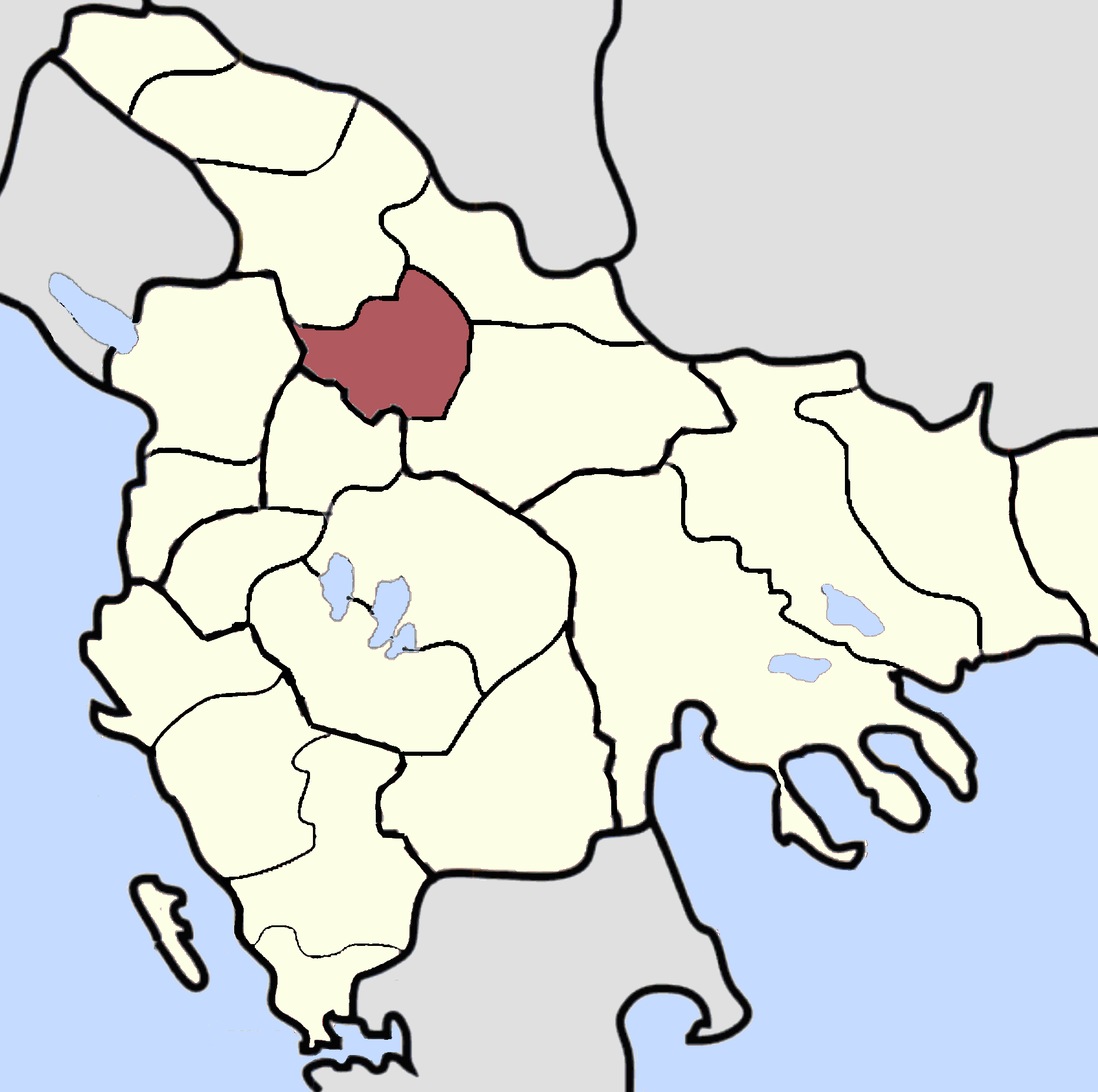 XY Sanjak, Ottoman Empire (late 19th century). Source: The Crescent and the Eagle- Ottoman Rule, Islam and the Albanians, 1874-1913 at Google Books By George Gawrych
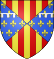 Coat of arms of Jean d'Aragon, Comte de Prades. See File:Blason Jean d'Aragon, Comte de Prades (selon Gelre).svg
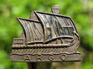 Membership badge for (Australian) ABC Argonauts Club c. 1955

■ **TASK GOAL**
Output the material word for word. Pictures do not go in.

■ **WRITTEN ANSWER**
 XY Sanjak, Ottoman Empire (late 19th century). Source: The Crescent and the Eagle- Ottoman Rule, Islam and the Albanians, 1874-1913 at Google Books By George Gawrych
 Coat of arms of Jean d'Aragon, Comte de Prades. See File:Blason Jean d'Aragon, Comte de Prades (selon Gelre).svg
 Membership badge for (Australian) ABC Argonauts Club c. 1955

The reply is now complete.